Beyond its short-term impact, deep recessions triggered by the pandemic are likely to leave lasting scars through multiple channels, economists at the World Bank say.
This will lead to lower investment in emerging markets and developing economies, erosion of human capital of the unemployed, and disintegration of global trade and supply linkages.
According to the Economic Prospects report released last week, these effects may well lower potential output and labor productivity in the longer term, which demands policy actions.
Sub-Saharan Africa
Several countries in the region have experienced severe domestic outbreaks. This includes Burkina Faso, Democratic Republic of Congo (DRC), Guinea, and Niger.
Efforts to slow the spread through social distancing have been difficult, particularly in densely populated urban areas where large populations often live in informal settlements without access to proper sanitation.
Activity among industrial commodity-exporting countries has slowed during the first half of the year, reflecting the impact of growing domestic outbreaks, weakening demand in key trading partners, and sharply lower commodity prices in Chad and Mozambique.
Activity in many agricultural commodity exporters has also been severely affected, with its impact amplified in Madagascar, Rwanda, and Uganda which have large tourism sectors or strong trade links with China, the Euro Area, and the United States.
Growth in Sub Saharan Africa is expected to rebound in 2021 to 3.1 per cent. However, significant uncertainty surrounds the pace and timing of the projected recovery.
It rests heavily on the assumption that the pandemic recedes in such a way that mitigation measures are gradually lifted from the middle of this year, and that activity in major trading partners rebounds.
In industrial commodity exporters, growth is expected to contract by 1.3 percent in 2020, as low commodity prices compound domestic disruptions.
The projected pickup in 2021 is underpinned by the recovery in demand from key trading partners and firming commodity prices in Central African Republic, Chad, Democratic Republic of Congo, Guinea, Mozambique, and Niger.
Further investment
In some countries, growth will be spurred further by investment in new production capacity like in Chad, Mozambique, and Niger, according to the World Bank.
In Niger, however, lower oil prices risk delaying completion of the country’s new oil production infrastructure.
In Liberia, activity is forecast to recover from two years of stagnation thanks to the adoption of structural reforms and the achievement of greater price stability.
In Ethiopia, growth is expected to fall to a 17-year low of 3.2 per cent this year from 9 per cent in 2019. The projected rebound in 2021 is expected to be underpinned by the implementation of reforms, such as addressing foreign exchange shortages, to boost private investment.
An assumed improvement in political stability and more stable business environments are projected to further support activity in Guinea-Bissau.
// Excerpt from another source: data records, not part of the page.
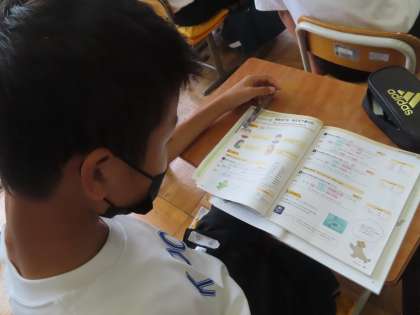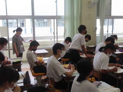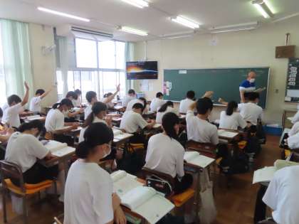 現在完了(進行)形のしくみをについて、より理解を深めることができるように課題を設けています。教科書の文書を読んでいきます。山開支援員も授業参加して下さいます。
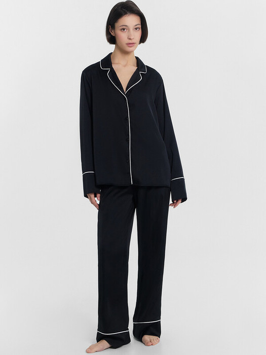 Эта женская пижама идеально подходит для создания элегантных домашних образов. Жакет прямого силуэта с отложным воротником и лацканами, украшенными кантом, придает изделию изысканный вид. Длинные рукава с манжетами, также декорированными кантом, добавляют элегантности и удобства. Жакет застегивается на пуговицы, а на передней части расположен карман. Брюки свободного силуэта с манжетами, украшенными кантом, обеспечивают комфорт и стиль. Изделие выполнено из спандекса, обладающего высокой степенью растяжимости, что делает одежду комфортной и позволяет ей сохранять форму даже после многочисленных стирок. Этот материал мягкий и приятный на ощупь, что делает его идеальным для одежды, предназначенной для длительного ношения. Пижама Mark Formelle станет отличным выбором для тех, кто ценит как комфорт, так и элегантность в домашней одежде.
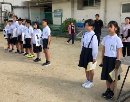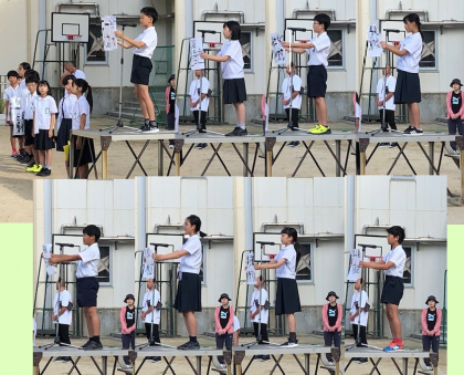 一人一人が校長先生から認証場を手渡され、朝会台に上がって、全校児童の前で抱負を述べました。
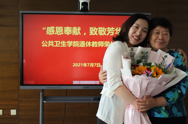 两位受邀教师发表感言,回顾了和学院共同成长,荣辱与共的点滴经历,对学院领导班子的肯定和关怀表示感谢,对年轻教师提出了殷切希望并表示即便退休也心系学院发展。随后,两名受邀教师接受所在教研室教师代表献花。
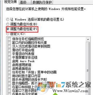 优化视觉效果,首先右击计算机图标选择属性, 然后在弹出来的界面中点击左侧的"高级系统"设置,然后在弹出窗口中切换到"高级"选项卡,点击性能栏目下的"设置"按钮,然后将时间效果选择"调整为最佳性能"或只保留一些必要的项目即可。
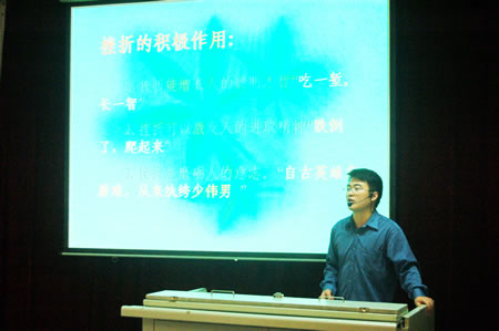 【学生处 讯】2012年9月19日星期三下午熊继刚、阙楠老师在阶梯教室开展了以“生命教育”为主题——在班会课中渗透心理健康教育的班会课。此次课题两位老师都结合了身边的案例,课堂生动活泼,意义深刻。由此,拉开了2012-2013学年度(上期)以“生命教育”为主题——在班会课中渗透心理健康教育的班会课献课序幕。 熊继刚老师以《面对挫折,学会坚强》使学生了解挫折在人生路上的不可避免性;提高挫折承受力,掌握对待挫折的正确方法。使学生树立信心,让挫折成为自己向上攀登的垫脚石,在遭遇挫折时,能善待挫折,努力战胜挫折,做生活的强者。 阙楠老师以《有一种美丽叫自信》使学生从“隐形翅膀,伴我成长”“华丽转身,寻找自信”等方面全面了解自己,例举乔治.赫伯特、邰丽华、博尔特、班里同学等等的故事层层深入,加入了增加自信的小技巧和同学们在生活中没有自信该怎么做。树立了同学们的自信,让自信伴随他们成长。 本学期共有19位老师参加“生命教育”为主题的班会课献课,期待老师们和同学们精彩的表现! |
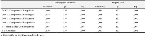 Por otro lado, la prueba de contrastación de las hipótesis se hizo con la prueba de normalidad de Kolmogorov-Smirnov debido a que la muestra sobrepasa el límite de 50 participantes. El resultado del Sig. de 0,02 menor a 0,05 indica que la distribución no es paramétrica, por tanto, las pruebas de correlación de las hipótesis se hicieron con la Rho de Spearman, como se indica en la Tabla 4.
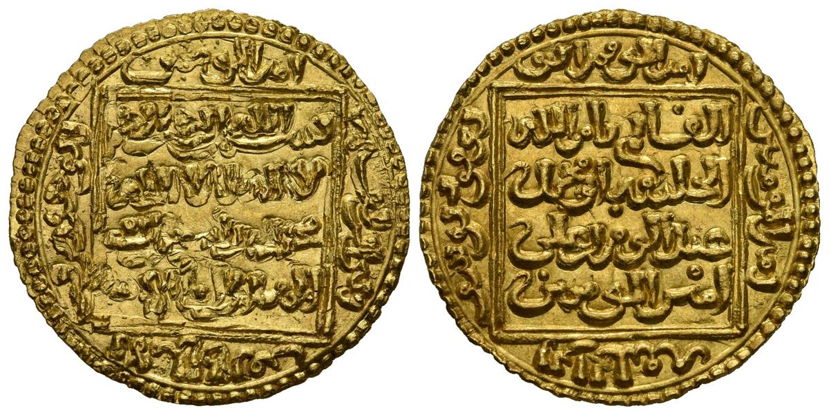 PILLOWS, Abu Hafs Omar al-Murtado. 1/2 Dinar. (Au 2.32g / 22mm). 646-665H. Without mint. (Vives 2083; Hazard 534). Good Extremely Fine. Double minted on the obverse. Remnants of original shine.
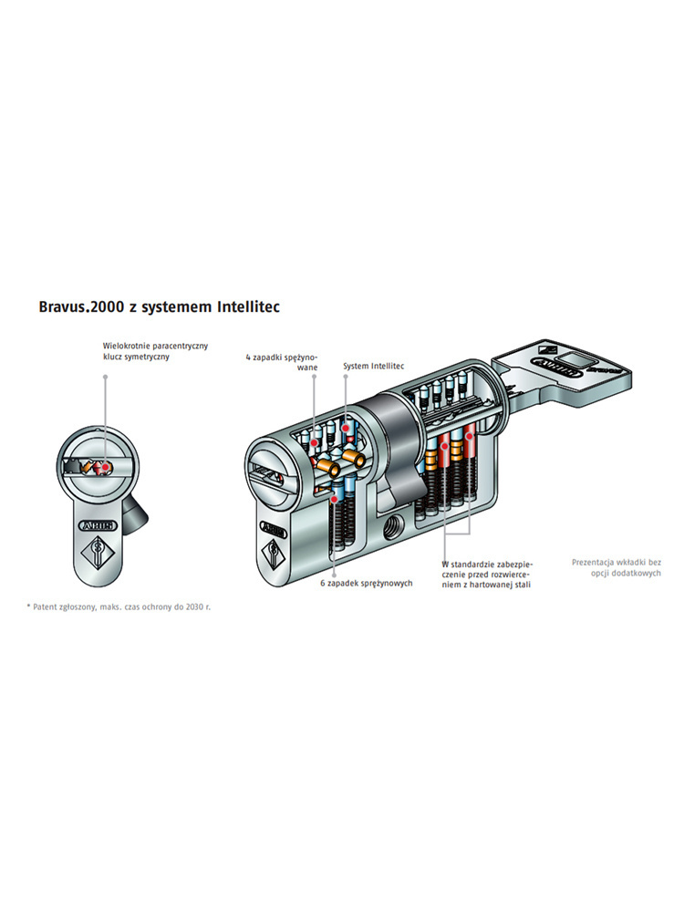 System Bravus to połączenie silnej ochrony prawnej z wysoce zaawansowanym technicznym zabezpieczeniem przed kopiowaniem, gwarantując wysoki stopień zabezpieczenia przed nieuprawnionym dorabianiem kluczy. Wszystkie 4 poziomy bezpieczeństwa systemu Bravus obejmują system Intellitec — opracowany niedawno nowatorski układ kontrolny na kluczu i wewnątrz bębenka. System Intellitec zapewnia unikalne połączenie ochrony patentowej do roku 2030* i nieograniczonej ochrony znaku towarowego z najwyższym stopniem technicznych zabezpieczeń klucza przed kopiowaniem.
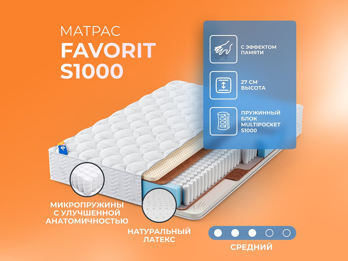 Матрас Favorit S1000 относится к моделям средней жесткости. Такая жесткость подходит большинству людей.
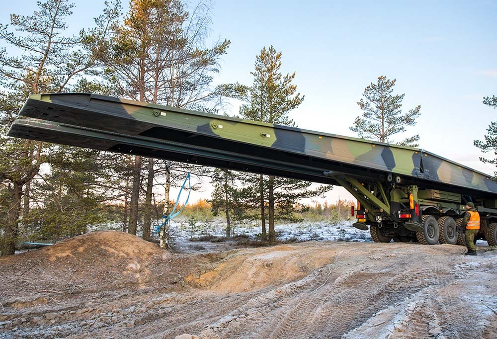 Leguan-sillat helpottavat huomattavasti joukkojen etenemistä vaikeissa pinnanmuodoissa. Kuva: Puolustusvoimat

In Rwanda, Benin, and Togo, the recovery from this year’s coronavirus pandemic will be aided by increased private sector investment due to continued reforms to improve business environments.
Celestin Rwabukumba, the Chief Executive Officer of Rwanda Stock Exchange (RSE), says recovery demands addressing the pandemic first and laying out plans to support businesses and sustain employment.
"Countries in Africa should take hard decisions and continue deploying lockdown measures in the first phase of the pandemic like what Rwanda has done,” he notes.
"This is not a time to make profits for companies rather it is a time to sustain what’s already been built by supporting business activity and sustaining employment,” he adds.